WONTFIX b/c we don't want mobile-only features that we won't have on the main site.

(In reply to comment #1)

WONTFIX b/c we don't want mobile-only features that we won't have on the main
site.

This isn't a valid WONTFIX rationale. It doesn't make any sense on multiple levels. Re-opening.

Seems the same rationale for closing Bug #227 should work here.

  • This bug has been marked as a duplicate of bug 227 ***

Re-opening this (with a bit of consensus, for a change!).

There's no real principle that mobile features need to match non-mobile features in MediaWiki development. And the reality is that mobile browsers' feature sets don't match of those of their non-mobile counterparts. That's an important consideration.

The justification for WONTFIXing bug 227 doesn't apply here (and in my opinion, is a bit dubious for bug 227 as well).

content hidden as private in Bugzilla

To avoid the problem of spamming, there should be some control be put in place so that a user cannot edit or create and article and then send it to someone.

We should also allow people to opt-out of getting these emails. If your Aunt Sue starts sending you every article she finds in Wikipedia, you may quickly get annoyed. So we should maintain a list of people who've gotten the email and then said they don't want any more.

Finally (and this is really more of an Ops issue), we should hook into Feedback Loops (See AOLs for example: http://postmaster.aol.com/Postmaster.FeedbackLoop.php but other large providers like Yahoo, Hotmail and Comcast use them as well) so that when someone marks the email as spam their provider can notify us that they don't want to get the emails any more.

We don't need to reinvent the email cycle here, we could just have a button that loads the local client with email then its up the user to send it. That way we don't really have spam issues to deal with being sent from our end.
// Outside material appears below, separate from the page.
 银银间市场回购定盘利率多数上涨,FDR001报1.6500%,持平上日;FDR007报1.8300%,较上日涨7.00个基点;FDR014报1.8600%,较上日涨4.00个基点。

I don't really see how X sending how many emails to Y is really a issue for us to consider unless we decide to go down the route to setting up our own email gateway/system to send these.

bugs wrote:

(In reply to comment #7)

We don't need to reinvent the email cycle here, we could just have a button
that loads the local client with email then its up the user to send it. That
way we don't really have spam issues to deal with being sent from our end.

I don't really see how X sending how many emails to Y is really a issue for us
to consider unless we decide to go down the route to setting up our own email
gateway/system to send these.

+1

I was thinking the same thing where we just give an easy mailto: link that prefills everything (like subject, body, etc.) but uses the the person's own e-mail client.
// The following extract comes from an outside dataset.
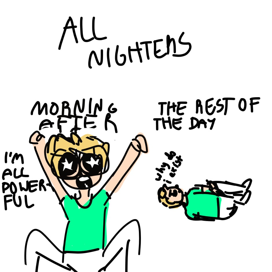 am I pulling an all nighter? Yes. Am I procrastinating by making this comic? Yes. Should I get back to work? Probably.

I think Mark was imagining a system where we managed the sending ourselves through our server, but I don't think that's needed. An easy button that fills out the e-mail for you would be good enough.

(In reply to comment #8)

I think Mark was imagining a system where we managed the sending ourselves
through our server, but I don't think that's needed. An easy button that fills
out the e-mail for you would be good enough.

Agreed. And it would avoid the having to deal with the whole mess I talked about in comment #6.

I'm not sure about this. As an Android user I'm perfectly content with holding down my finger on the address bar, clicking share and then making use of android intents to either share the link by e-mail or twitter or any other app I have installed.

This aside I realise that not all phones have a similar mechanism.

If we did want to pursue this I'd encourage encompassing more than email (e.g. twitter, facebook etc) and would recommend keeping a close eye on the WebIntents [1] which the Mozilla Lab and Chrome teams are working together on in particular the webintents share intent [2]. This way "we don't need to reinvent the email cycle"

[1] http://www.w3.org/wiki/WebIntents
[2] http://webintents.org/share

Not much interest in it, and not in mobile team's plans.